• PROBLEM TO WORK ON:
The reply should hold only the lines below beginning at the one with "Szablon Logo złota" and ending at the one with "Yuanmeng 웨딩 침대", copied exactly, with every picture left out.

• DATASET EXTRACT:
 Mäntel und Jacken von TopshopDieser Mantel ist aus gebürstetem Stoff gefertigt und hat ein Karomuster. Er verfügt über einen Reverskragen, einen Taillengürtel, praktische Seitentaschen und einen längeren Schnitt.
==
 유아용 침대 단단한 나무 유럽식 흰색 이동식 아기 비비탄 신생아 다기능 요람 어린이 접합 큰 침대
---
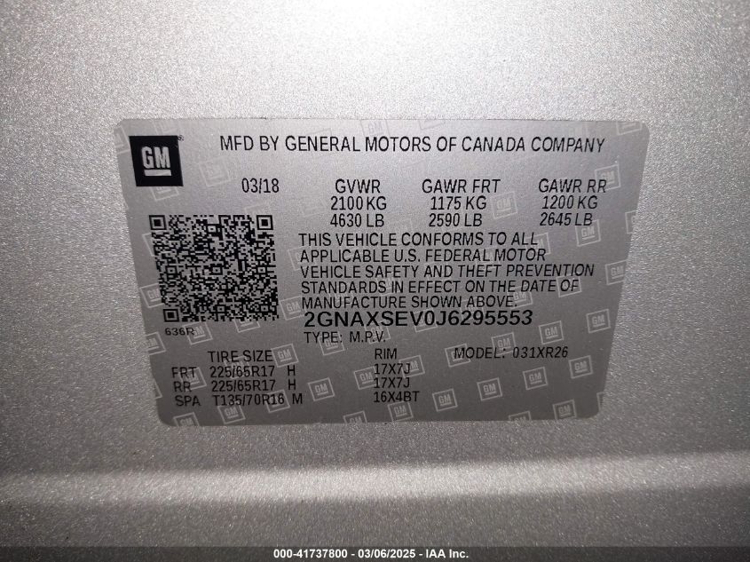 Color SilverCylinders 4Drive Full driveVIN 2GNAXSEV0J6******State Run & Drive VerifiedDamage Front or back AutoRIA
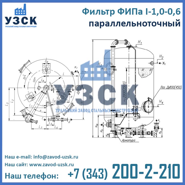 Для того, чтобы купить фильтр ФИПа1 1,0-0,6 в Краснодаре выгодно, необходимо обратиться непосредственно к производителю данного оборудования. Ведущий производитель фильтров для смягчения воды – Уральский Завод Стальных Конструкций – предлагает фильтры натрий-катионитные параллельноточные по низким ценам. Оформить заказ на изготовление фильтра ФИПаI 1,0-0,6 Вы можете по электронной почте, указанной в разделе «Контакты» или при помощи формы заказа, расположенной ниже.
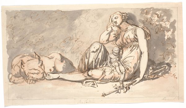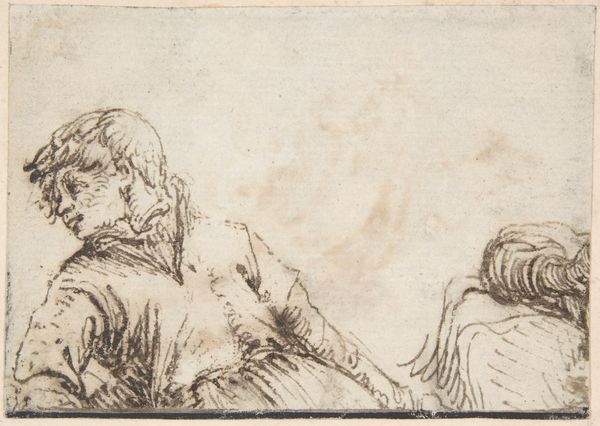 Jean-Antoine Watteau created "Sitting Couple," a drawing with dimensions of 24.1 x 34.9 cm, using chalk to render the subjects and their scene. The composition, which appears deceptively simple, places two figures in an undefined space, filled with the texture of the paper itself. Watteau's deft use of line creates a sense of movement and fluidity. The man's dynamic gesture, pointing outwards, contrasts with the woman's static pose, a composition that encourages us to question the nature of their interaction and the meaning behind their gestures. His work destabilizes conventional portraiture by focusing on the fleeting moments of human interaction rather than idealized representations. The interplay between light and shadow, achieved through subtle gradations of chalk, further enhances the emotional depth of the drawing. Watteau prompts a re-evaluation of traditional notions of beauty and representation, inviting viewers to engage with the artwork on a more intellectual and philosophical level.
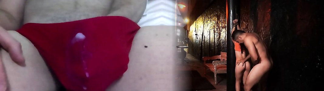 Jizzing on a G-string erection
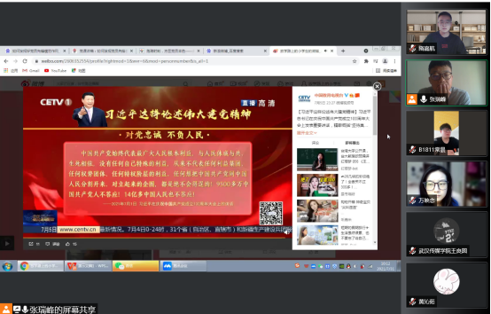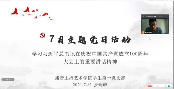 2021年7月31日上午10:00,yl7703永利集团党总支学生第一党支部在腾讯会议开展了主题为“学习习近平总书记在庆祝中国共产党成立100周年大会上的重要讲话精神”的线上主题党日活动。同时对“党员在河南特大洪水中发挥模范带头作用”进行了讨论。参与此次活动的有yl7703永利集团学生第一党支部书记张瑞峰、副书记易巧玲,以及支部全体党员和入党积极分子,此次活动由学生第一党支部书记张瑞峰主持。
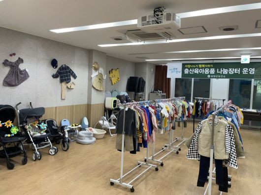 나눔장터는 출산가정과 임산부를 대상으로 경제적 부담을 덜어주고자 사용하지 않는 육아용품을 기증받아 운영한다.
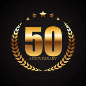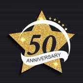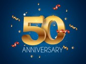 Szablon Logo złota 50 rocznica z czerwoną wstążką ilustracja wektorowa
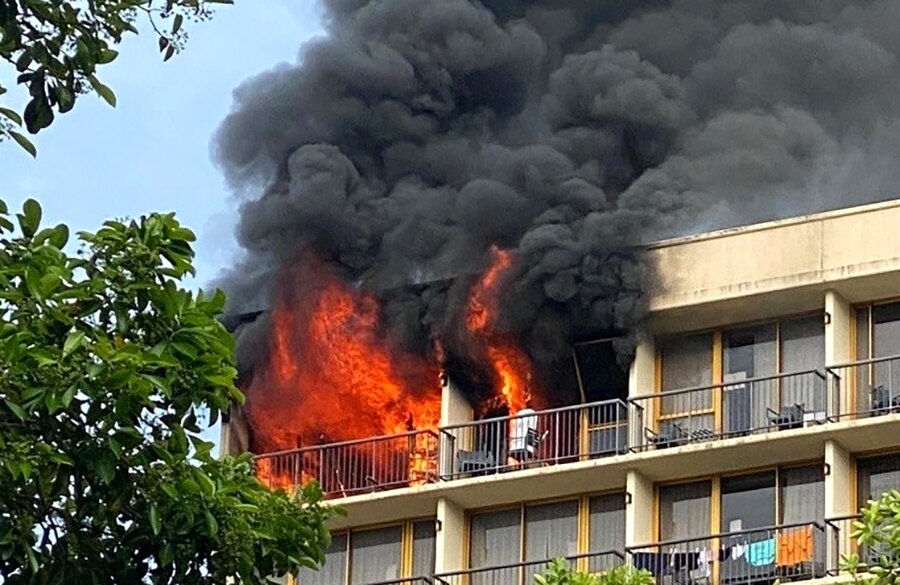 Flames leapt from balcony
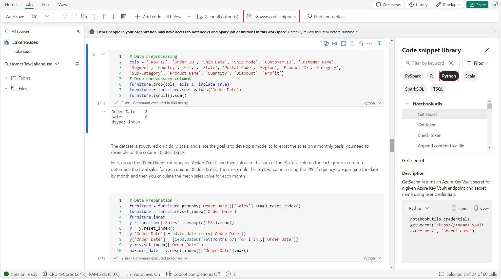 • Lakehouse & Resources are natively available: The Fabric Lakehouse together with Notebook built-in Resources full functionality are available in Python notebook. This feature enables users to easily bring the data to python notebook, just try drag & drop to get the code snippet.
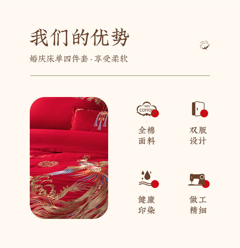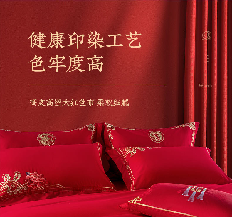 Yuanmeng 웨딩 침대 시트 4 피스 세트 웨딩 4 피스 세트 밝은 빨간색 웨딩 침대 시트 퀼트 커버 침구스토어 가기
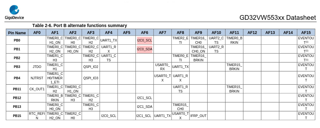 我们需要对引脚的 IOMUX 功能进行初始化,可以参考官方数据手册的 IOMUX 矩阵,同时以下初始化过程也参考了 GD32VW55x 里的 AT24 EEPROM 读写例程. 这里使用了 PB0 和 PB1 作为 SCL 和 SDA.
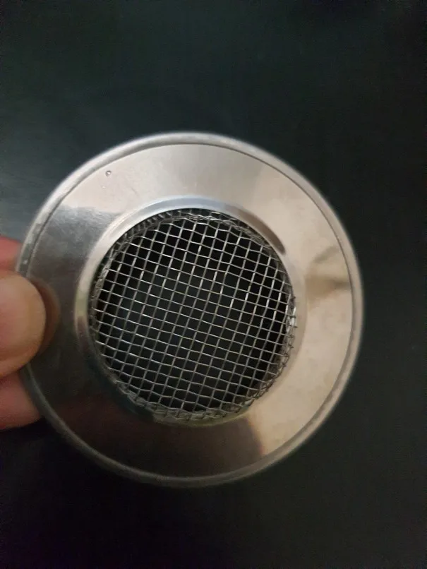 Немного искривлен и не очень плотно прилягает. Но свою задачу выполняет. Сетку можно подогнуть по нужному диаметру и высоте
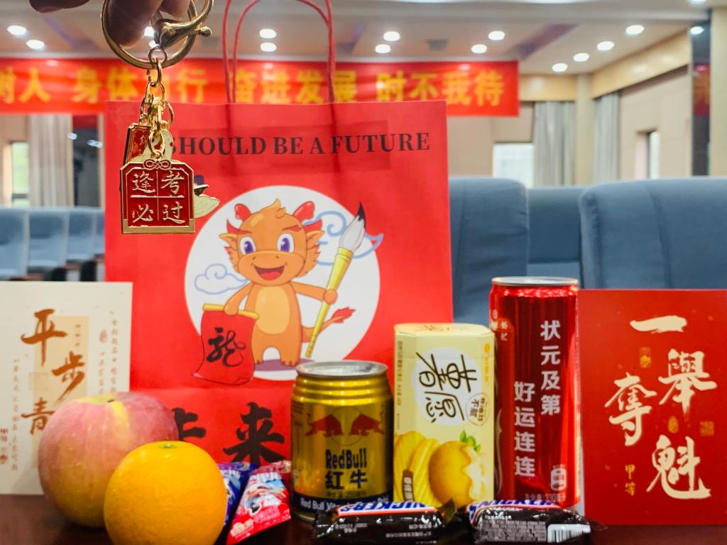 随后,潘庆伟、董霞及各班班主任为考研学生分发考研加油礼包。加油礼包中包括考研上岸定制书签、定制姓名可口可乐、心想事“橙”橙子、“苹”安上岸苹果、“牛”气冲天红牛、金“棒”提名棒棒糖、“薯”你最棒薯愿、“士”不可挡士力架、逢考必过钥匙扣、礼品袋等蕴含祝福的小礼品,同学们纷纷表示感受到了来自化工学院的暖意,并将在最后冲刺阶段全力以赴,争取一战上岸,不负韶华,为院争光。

• ANSWER BOX:
 Szablon Logo złota 50 rocznica z czerwoną wstążką ilustracja wektorowa
 Flames leapt from balcony
 • Lakehouse & Resources are natively available: The Fabric Lakehouse together with Notebook built-in Resources full functionality are available in Python notebook. This feature enables users to easily bring the data to python notebook, just try drag & drop to get the code snippet.
 Yuanmeng 웨딩 침대 시트 4 피스 세트 웨딩 4 피스 세트 밝은 빨간색 웨딩 침대 시트 퀼트 커버 침구스토어 가기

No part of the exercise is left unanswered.